- [TASK DETAILS] Copy word for word the line containing "Similar Trainers Tormentor" together with all lines following it to the end of the listing below, without the pictures.

- [SUPPLIED MATERIAL]
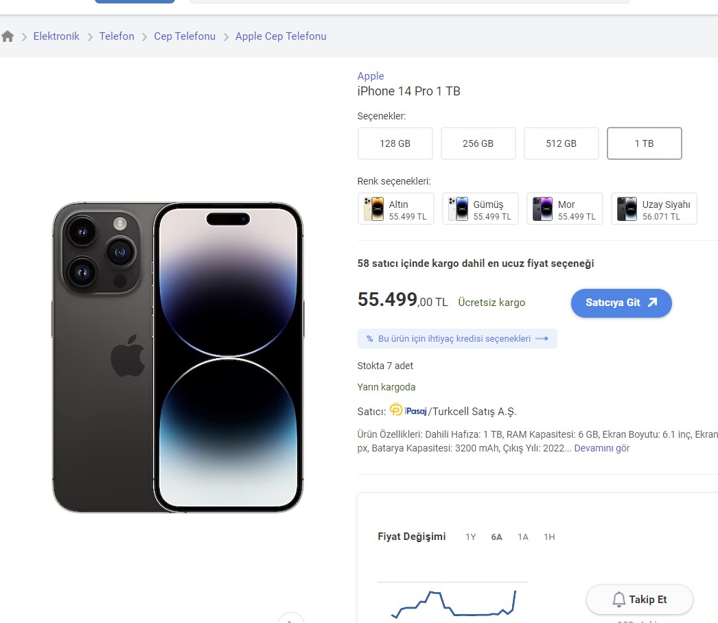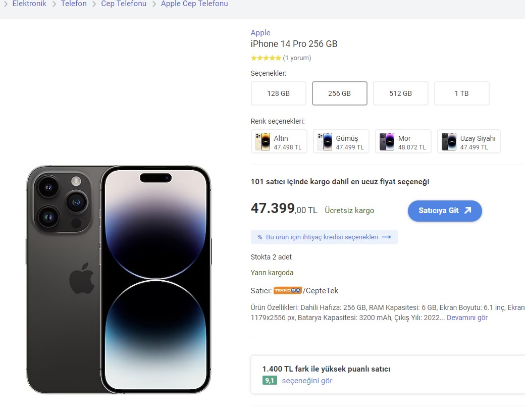 Elimde iPhone 14 Pro 1 TB var. 14 Kasım 2022 de Amazon Türkiye'den aldık. Dubai'ye gidiyoruz orada 24K civarıymış, vergi ile 30K'yı bulur. Elimdekini burada kaça satabilirim? Elimdekini satıp sıfır kullanmak istiyorum. Üstüne kazanç yapmam mümkün mü? Yapmasam bile sıfır telefona geçmiş olurum.
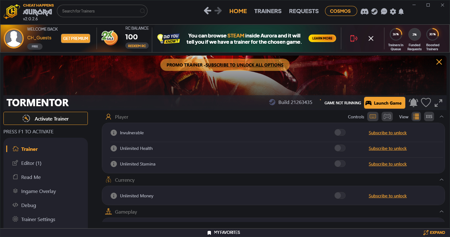 Similar Trainers Tormentor Trainer +22 v21263435 (Cheat Happens):
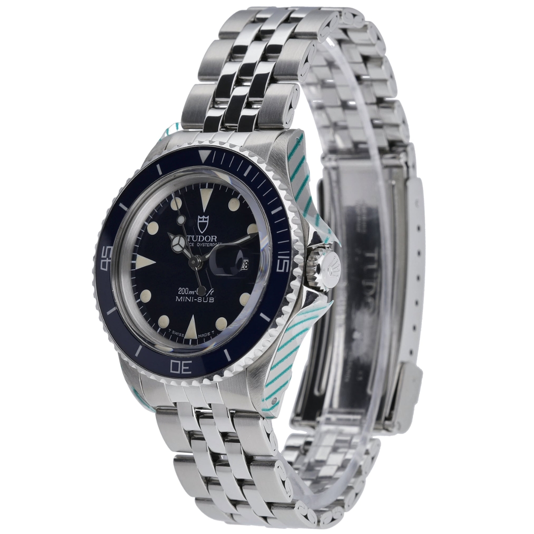 A Tudor Prince Date Submariner, model 73090, presented in stainless steel with a blue bezel and matching dial, offering a classic, highly collectable vintage dive-watch aesthetic. The 33mm case delivers a more compact and refined wrist presence, while retaining the robust design language associated with Tudor’s Submariner line. The dial features luminous hour markers and signature Mercedes-style hands for excellent legibility, alongside a date display at 3 o’clock with Cyclops magnification.

- [EXERCISE SOLUTION]
 Similar Trainers Tormentor Trainer +22 v21263435 (Cheat Happens):
 A Tudor Prince Date Submariner, model 73090, presented in stainless steel with a blue bezel and matching dial, offering a classic, highly collectable vintage dive-watch aesthetic. The 33mm case delivers a more compact and refined wrist presence, while retaining the robust design language associated with Tudor’s Submariner line. The dial features luminous hour markers and signature Mercedes-style hands for excellent legibility, alongside a date display at 3 o’clock with Cyclops magnification.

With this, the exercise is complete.